Exercise:
Copy exactly the lines from the line holding "at each set." through the end of the material, and no others; pictures stay out.

Provided material:
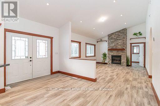 Welcome to this newly built bungalow with 3 bedrooms and 2 bathrooms on the main floor & 2 bedrooms, 1 bathroom in the partially finished basement. Completed in 2022, this home offers 1,800 sq ft of thoughtfully designed living space on a quiet, private 6.28-acre property with scenic walking, ATV and snowmobile trails. Designed with wheelchair accessibility in mind, the home features an open, functional layout anchored by a custom kitchen with high-end appliances & a six foot island ideal for both everyday living & entertaining. The main area boasts a beautiful large Margin cookstove in the dining room & a propane fireplace encased in floor to ceiling brick in the living room. Creating inviting spaces for year round comfort. Restored 1914 vanity with clawfoot tub in master ensuite next to your walk in closet. Additional modern conveniences include central air conditioning, a full monitored alarm system with video surveillance, 200-amp electric service throughout using two panels, a steel roof, ICF foundation, cold room & an owned Generac propane backup generator. The oversized attached double garage with two man doors provide ample room for vehicles, storage, and workshop use. The partially finished basement offers exceptional future potential, with 9 ft ceilings & a second kitchen, creating the possibility for an in-law suite or rental accommodations. With a professionally landscaped yard& driveways outdoor living is a standout feature. With a wrap-around porch this property is perfect for relaxing & enjoying the wildlife in your peaceful setting. RV owners will appreciate the full RV hookup with water, electrical, & septic. With the largest residential septic system, this home is built to accommodate a 5-bedroom, 3-bath home. Which offers flexibility for future expansion. A rare opportunity to own a custom built, beaver home. Offering privacy & acreage, with accessibility-focused design & long-term versatility. Move-in ready today for less than the cost to build. (id:4555)
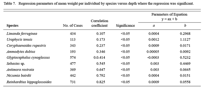 The “bigger-deeper” phenomenon, in general, refers to the distinct trends in body size over environmental gradients. As a general rule, there is a positive relationship between size and depth. Intra-specific bigger-deeper trends have been identified in Collins et al. (2005) and in previous works (e.g. Macpherson and Duarte 1991). To analyze the bathymetric trends of demersal fishes, regressions on individual species were performed. Size was estimated from the mean weight of the species at each set.
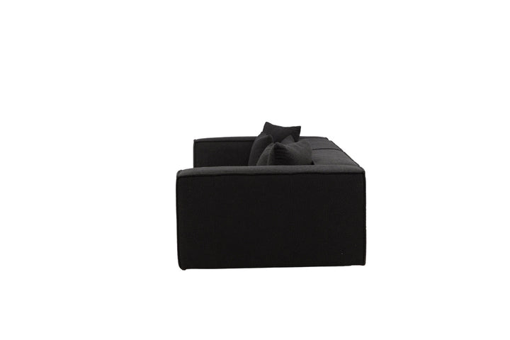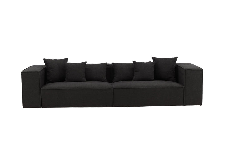 Bringen Sie Ihr Wohnzimmer auf das nächste Level mit dem eleganten Gillholmen Sofa. Mit seiner großzügigen Breite von 284 cm und der niedrigen, modernen Silhouette wird dieses Sofa schnell zum Mittelpunkt Ihrer Einrichtung. Der Bezug aus trendiger schwarzer Bouclé verleiht dem Sofa eine exklusive Ausstrahlung und kombiniert zeitlosen Stil mit wohnlicher Gemütlichkeit.
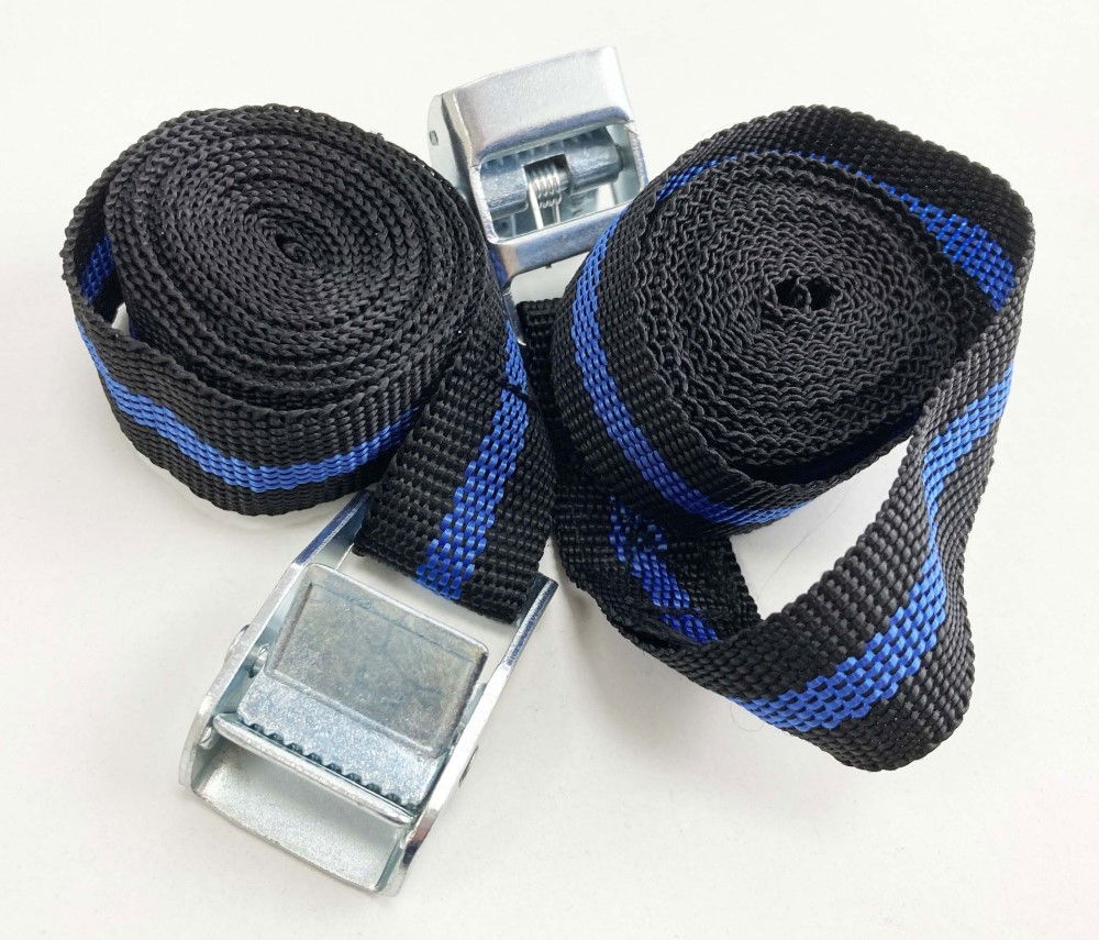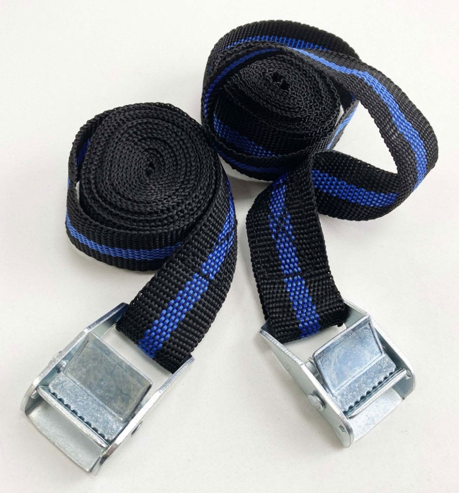 KDP-TD028This tie down set includes two buckle-type straps, each measuring 2.5 meters. The working capacity is between 180 and 200 kg, with a breaking strain of 250 kg. The straps feature a push button for quick release and are suitable for use with small trailers, hand trucks, or luggage. Package dimensions are 15 x 15 x 4 cm.

Solution to this problem:
 The “bigger-deeper” phenomenon, in general, refers to the distinct trends in body size over environmental gradients. As a general rule, there is a positive relationship between size and depth. Intra-specific bigger-deeper trends have been identified in Collins et al. (2005) and in previous works (e.g. Macpherson and Duarte 1991). To analyze the bathymetric trends of demersal fishes, regressions on individual species were performed. Size was estimated from the mean weight of the species at each set.
 Bringen Sie Ihr Wohnzimmer auf das nächste Level mit dem eleganten Gillholmen Sofa. Mit seiner großzügigen Breite von 284 cm und der niedrigen, modernen Silhouette wird dieses Sofa schnell zum Mittelpunkt Ihrer Einrichtung. Der Bezug aus trendiger schwarzer Bouclé verleiht dem Sofa eine exklusive Ausstrahlung und kombiniert zeitlosen Stil mit wohnlicher Gemütlichkeit.
 KDP-TD028This tie down set includes two buckle-type straps, each measuring 2.5 meters. The working capacity is between 180 and 200 kg, with a breaking strain of 250 kg. The straps feature a push button for quick release and are suitable for use with small trailers, hand trucks, or luggage. Package dimensions are 15 x 15 x 4 cm.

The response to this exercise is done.